A slowly growing sub-area of research on culture and SIAs is on mixed-cultural SIAs. Considering the rising numbers in immigration, specifically interactions with mixed-cultural individuals have become an every day occurrence. We thus find research in this area of particular relevance to better understand the impact of mixed-cultural behaviours in SIAs, as well as potentially support mixed-cultural individuals in certain situations, and raise cultural diversity in virtual environments and games.

In order to implement and investigate the interaction with SIAs, specifically in a mixed-cultural context, it is necessary to first consider relevant research from the social sciences. When an individual migrates to a different country, certain cultural norms and language need to be adapted to. It is common to maintain certain behaviours and cultural norms of one’s home country even after having spent years in a host country, which makes non-native individuals oftentimes easily identifiable as foreign. This regularly leads to an individual being perceived as an outgroup member, as they show a different cultural background compared to the prevailing standard in the respective country. Tajfel et al. (1971) have discovered that whilst members of one’s ingroup are usually rated high on the dimensions warmth and competence (Fiske et al., 1999), members of an outgroup elicit ambivalent stereotypes, i. e. high ratings on one dimension and low ratings on another. Dragojevic and Goatley-Soan (2022) and Gluszek and Dovidio (2010) suggested that accented speech, specifically, which is regularly found in mixed-cultural individuals, can trigger stereotypes. In order to understand and possibly minimise those stereotypes, research is done on the perception of speech of persons with different cultural backgrounds. For instance, Dragojevic and Goatley-Soan (2022) investigated the attitudes towards English speakers with nine non-Anglo foreign accents and pointed out that some varieties, such as the German accent, were rated more favourably and easier to understand than others.

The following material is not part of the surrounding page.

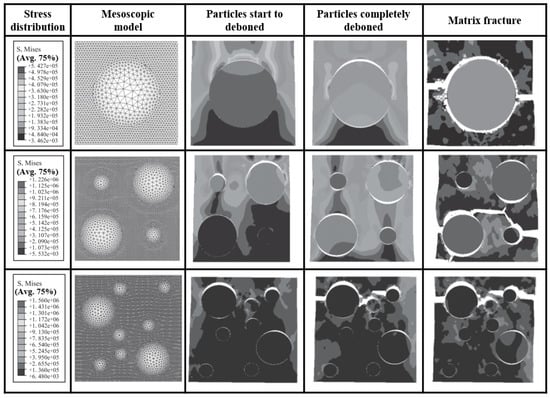 The particle-filled composite material was originally designed as a periodic distribution of single cells to realize the simplified mesostructure model of a composite solid propellant. Fang and Ning [] investigated the effect of hexahedral and cuboid monocell arrangements on the effective modulus of particle-reinforced composites by numerical simulation. Peng et al. [] established a viscoelastic finite element model of a composite solid propellant based on cylindrical cells and calculated and analyzed the stress distribution, damage location and form of the particle interface and matrix. Marur [] calculated and analyzed the effective elastic modulus of particle-reinforced composites with a periodic distribution and the stress distribution of spherical particles under a uniaxial tensile load. Yuan et al. [] established an axisymmetric unicellular model of a composite solid propellant and found that the stress field around the particles interacted. The larger the particles, the stronger the interaction, and the stress bands were easily formed, showing stress concentration. The smaller the particle, the smaller the interaction and the less obvious the stress concentration. Zhou et al. [] established two-dimensional mesoscopic models of three solid propellants: a single particle, four particles and eight particles, and investigated the effects of particle number and size on the failure process of solid propellants through numerical simulation, as depicted in Figure 7. The results showed that the single-particle model was not sufficient to cause particle failure due to its high particle modulus. In the multi-particle model, the large particles were the first to deboned, and the matrix with a dense particle distribution was the first to break. The unicycle model and its periodic distribution model provided a simple method to analyze the mechanical properties of composite solid propellants and could determine the local stress–strain field inside the material. However, the simple and idealized element shape and particle distribution are not consistent with the actual situation, so they cannot be used for effective analysis.

Before investigating the impact of mixed-cultural SIAs and their subsequent practical benefits in, for example, cultural training scenarios, culture-specific cues have to be implemented. There are several options to implement a mixed-cultural background in SIAs. Since speech is the primary channel of communication in human-human interaction (Nass and Brave, 2005), it is also very important when implementing (mixed-cultural) SIAs. Just as a SIA cannot be without a cultural background, intended or unintended, a SIA’s speech always has certain characteristics such as a perceived accent or an underlying emotion, even if the voice is designed to be as neutral as possible (Aylett et al., 2021). Given the amount of implicit information transmitted through speech, it is predestined to be carefully attuned to the intended cultural background of a SIA. Moreover, the SIA’s appearance and non-verbal behaviour and even the environment the SIA is presented in, can be developed and adapted depending on the culture that is to be depicted. However, for the implementation of mixed-cultural SIAs, speech is especially useful since for example a non-native accent is reliable identifier of a mixed-cultural person that moved to another country and had to learn a new language. In contrast to some of the other cultural cues, non-native speech is easily recognisable and hard to conceal.

This paper first provides an overview of the research efforts, regarding the implementation and perception of mixed-cultural appearance, speech and non-verbal behaviour, when investigating SIAs. Further, we present a study, investigating the perception of a virtual robot with a non-native accent. Finally, we give recommendations for future work with mixed-cultural SIAs and enculturated SIAs in general.

2 Survey on related work of implementing mixed-cultural SIAs

Culture can be implemented by manipulating external features (e.g., appearance and verbal behaviour) or internal features (e.g., assumptions or attitudes) of SIAs (Lugrin and Rehm, 2021b). Within this work we focus on the role of external features in order to implement convincing mixed-cultural SIAs. We consider work from the field of social robots and IVAs, since for the latter a larger body of work exists. However, due to hardware limitations, it must be noted that results from the research with IVAs might not always be transferable to social robots, especially in cases of subtle non-verbal behaviour. Culture-specific speech however, is easily adaptable for both IVAs and social robots and therefore plays a special role when designing mixed-cultural SIAs.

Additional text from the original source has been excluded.